[Stored items]
----------------

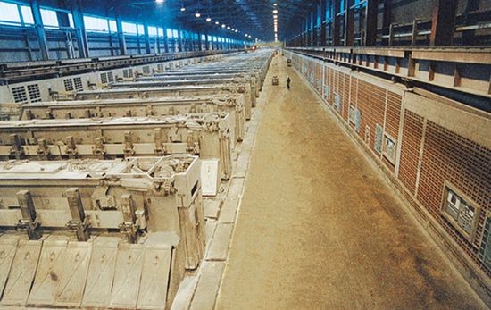 Modern smelter buildings are more than 25 m wide, around 15 m high (excluding the basement) and can be up to 1 km long (see Figure 2). Such a building can shelter up to 100 pots aligned side by side, each being close to 14 m long and 4 m wide.
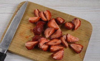 - We bereiden alle benodigde producten voor. Ontdooi de aardbeien.
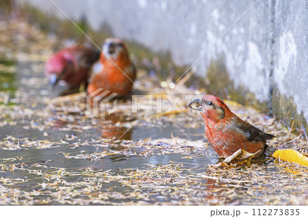 水を飲むイスカの群れ
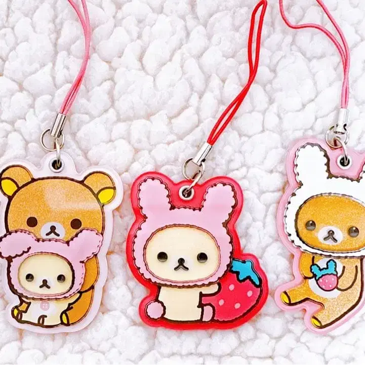 [ 새상품 미사용 ] 리락쿠마 코리락쿠마 아크릴 스트랩 3개 세트 즉시 구매 가능, 가격 인하, 낱개 판매 불가 레어템입니다! 부디 서둘러 get 하세요 ☺︎ 아이템/종류 - 스트랩
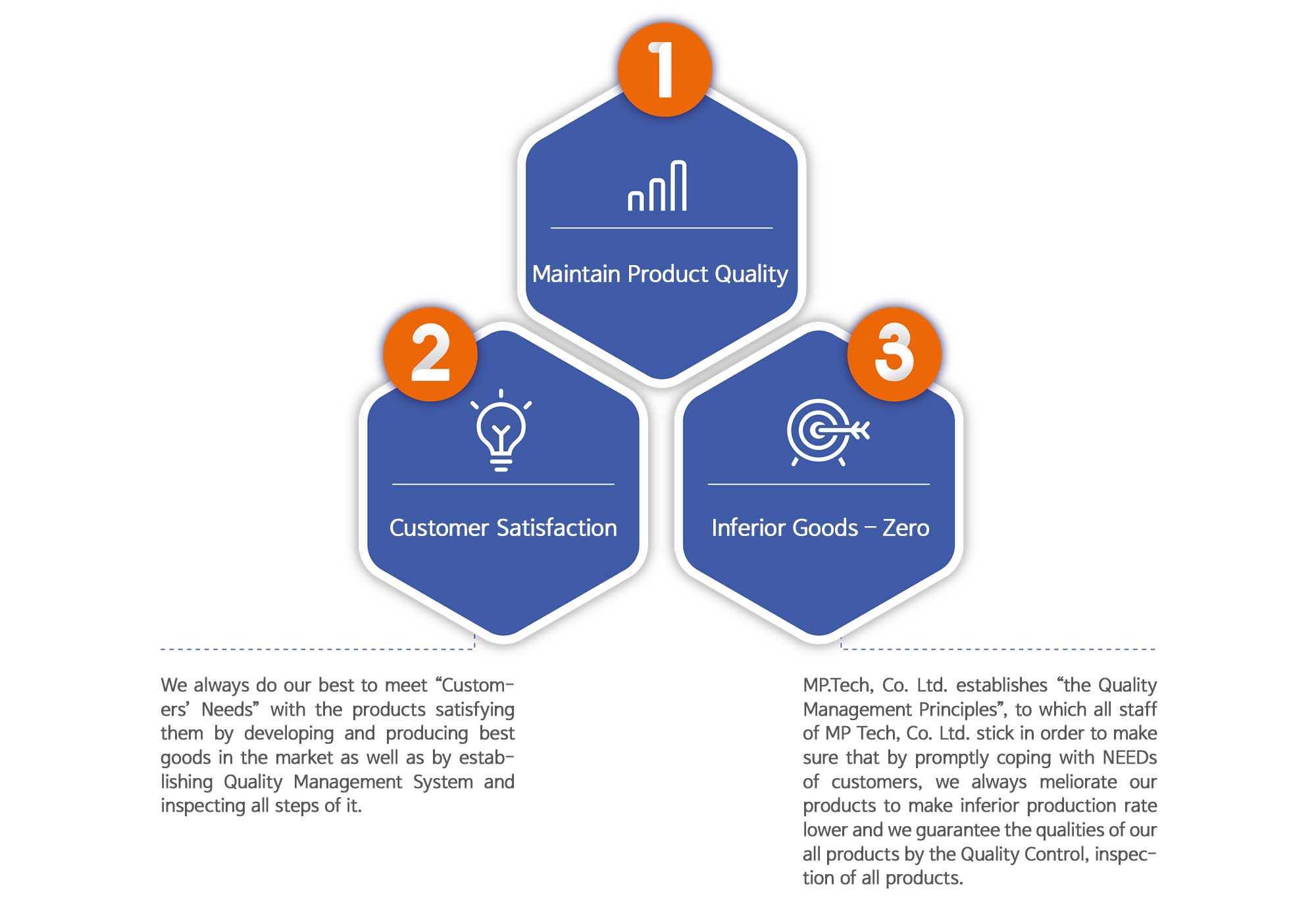 The principles for Quality Management of MP Tech, Co. Ltd. are as follows.
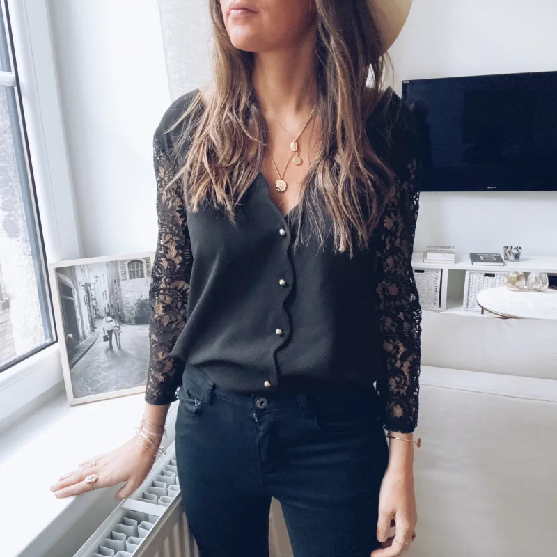 Price Description of Plus size lace women blouses 2020 summer new solid color sexy blouses top V-neck button long sleeve women shirts

----------------

**Instructions to follow**: Would you print, exactly as they appear, the lines from the line with "The principles for" through the end of the entries above, leaving out the pictures?

**Task output**:
 The principles for Quality Management of MP Tech, Co. Ltd. are as follows.
 Price Description of Plus size lace women blouses 2020 summer new solid color sexy blouses top V-neck button long sleeve women shirts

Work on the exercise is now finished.